Has It Been A Change For The Better?

The primary objective in managing a defined benefit pension is the securing of the promised benefits. Asset allocation plays a significant role in accomplishing that objective. However, there are at least two schools of thought regarding how one should manage to that objective.

According to U.S. Federal Reserve data, in 1952 the average U.S. DB pension plan had 96% of their assets in fixed income and cash equivalents. Interestingly, U.S. interest rates were not too dissimilar to where they are today. In fact, the U.S. 10-year Treasury yield was at 2.68% at the beginning of the year in 1952, which was only 3 bps different from where it started this year (2.71%). Funded status wasn’t particularly strong in those days, but minimum-funding standards hadn’t been established and wouldn’t be until the passage of ERISA in 1974.

The more conservative asset allocation created a greater dependence on contributions to fund the promised benefits, but significantly less volatility associated with the plan’s asset allocation made for greater certainty of what those contributions would look like from year-to-year!

Today, DB plans have a far greater exposure to non-fixed income through considerable investments in equities and alternatives. This significant movement was done primarily to enhance the long-term investment returns achieved by the plans making contributions a less significant part of the plan’s funding.  However, the greater use of these higher risk investments has injected significant volatility into the process and has created far greater uncertainty surrounding annual contributions, especially in light of two devastating corrections in the last 18 years.

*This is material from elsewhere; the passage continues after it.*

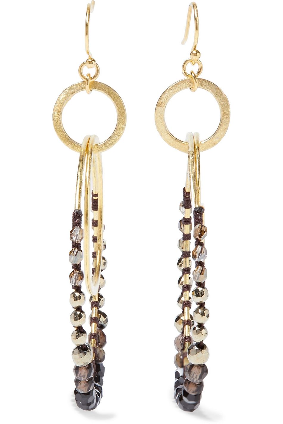 Gold Tone Multi Stone And Cord Hoop Earrings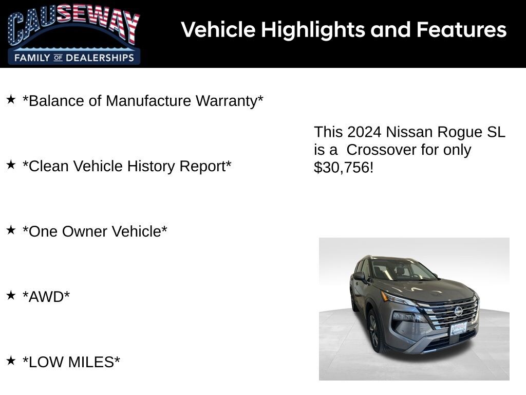 2024 Nissan Rogue SL Gun Metallic AWD CVT with Xtronic 1.5L DOHC *Balance of Manufacture Warranty*, *Clean Vehicle History Report*, *One Owner Vehicle*, *AWD*, *LOW MILES*, AWD.

Perhaps an allocation of 96% to fixed income wasn’t the right answer in 1952, but approaching asset allocation with a gambler’s mindset of letting it ride doesn’t seem to be working either. For those of us who have been around since the late ’70s and early ’80s, you may recall the use of dedication and defeasance strategies that removed significant risk from plans by effectively matching plan liabilities and assets.

As we’ve traveled across the country discussing enhanced asset allocation strategies we’ve highlighted the need for plan sponsors to once again become more focused on their plan’s liabilities to help guide and inform investment structure and asset allocation decisions. Our approach consists of allocating a portion of plan assets to a cash flow matching bond portfolio in order to meet near-term liabilities chronologically (retired lives). The remaining assets are going to be invested with a more aggressive risk profile given that the investing horizon has been extended allowing for more time for these assets to capture their liquidity premium.

1952’s asset allocation might not be appropriate for today given constrained budgets, but living with considerable volatility of returns in a 4.5% risk premium environment doesn’t seem right either. Adopting our model will help to stabilize the funded status and contribution expense while taking every opportunity to reduce unnecessary risk in the process.

One thought on “Has It Been A Change For The Better?

  1. Russ, the problem isn’t using “risky” assets. Over time they have and “probably” will outperform fixed asset class. The problem was and is expecting a 7-7.5% average return over a long period of time, and paying out pensions based on that over estimate. Solution– use a mix of assets (even a 90%-10% equities- fixed asset ratio) and base pensions payouts on 4.5% expected returns. Of course pension payouts would be smaller with this conservative payout approach, but much less likely to default!